I agree with you regarding the side for the wind. Which RFM is it?

Having taught on a simulator and watched many experienced pilots get themselves in a tizz, and me seemingly forever personally destined to move between left to right and right to left MR blade directions, I wanted a foolproof method of remembering.

The simplest method I have come up with is this:

Lucky side = retreating blade side. It works for all conventional helis (main + tail rotor) that I have flown. Get the nose out to the retreating blade side on the approach and get any crosswind also on the retreating blade side.Lucky side = Retreating blade side.

That way, as more collective power is brought in close to the ground with speed reduction, the nose comes round to straight ahead through increasing Tq reaction.

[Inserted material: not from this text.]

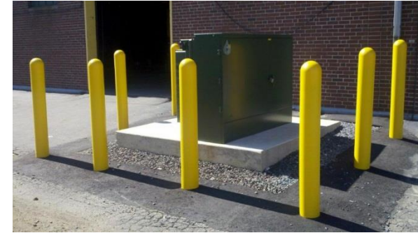
Figure 6. Example of bollard use.

MIFACE recommends that farm operations identify "lanes of travel" and install barriers to protect vital assets, such as buildings, storage units, etc. from damage. One low cost method of barrier protection is a bollard, which is a sturdy, short, vertical steel post that creates a protective

Try a dummy approach at height to find a speed & power combination that you are happy with for the approach. Avoid soft surfaces if possible, to lessen the risk of a skid or wheel digging in with yaw applied, which might result in a rollover.

There was a previous thread on this same forum few months back, some very useful discussion on it.

[ 23 January 2002: Message edited by: ShyTorque ]</p>

MightyGem:

The situation you have described MAY be too much left pedal, ie left pedal stuck too far forward, but you never know unless you do much more diagnosis than you have explained - or until you get to the bottom and apply power. So I am assuming you have a left pedal forward case.

Cross wind causes displacement of pedals in the hover & slow forward flight. Therefore, if you have a right crosswind, the nose will want to turn right unless you apply more left pedal (than a nil wind hover). Thus, in your situation of too much left pedal, a wind from the right would aid in you getting the aircraft skids straight.

I take my hat off to anyone who can think about all this in the air though. I am more likely to scream some sort of panic driven obscenity over the intercom, punch out a really cool & calm sounding mayday, and then try to react to the situation I see as I apply power at the bottom! Please let me never have to do one for real...

:)

More tail behind the mast than nose in front, e.g. weathervane, weathervaning (sp) assisted by wind from right, me thinks.

MG, presumably you are talking about a tail rotor control failure (stuck at a fixed pitch), not drive failure (not turning). As you reduce speed the aircraft will yaw RIGHT (but the nose may still be left of your direction of travel), as you lose the streamline effect which helps to counter torque. If it yawed left it is because of the power (torque) reduction, not speed reduction. You are correct in that as you apply power in the hover the nose will want to turn to the right, however if you have a "high power" failure (your terminology), presumably you are describing a scenario where the tail rotor control failed ("stuck") with more pitch than what was required to counter the amount of torque you will pull in the hover, so the nose will still go left, and wind from the right will assist to counter it. Incidentally direction of yaw as you approach does not necessarily tell you which direction the aircraft will turn in the hover as yaw at any stage of your analysis will be affected to varying degrees by your airspeed and torque (and rotor rpm if you can adjust it). Confused?????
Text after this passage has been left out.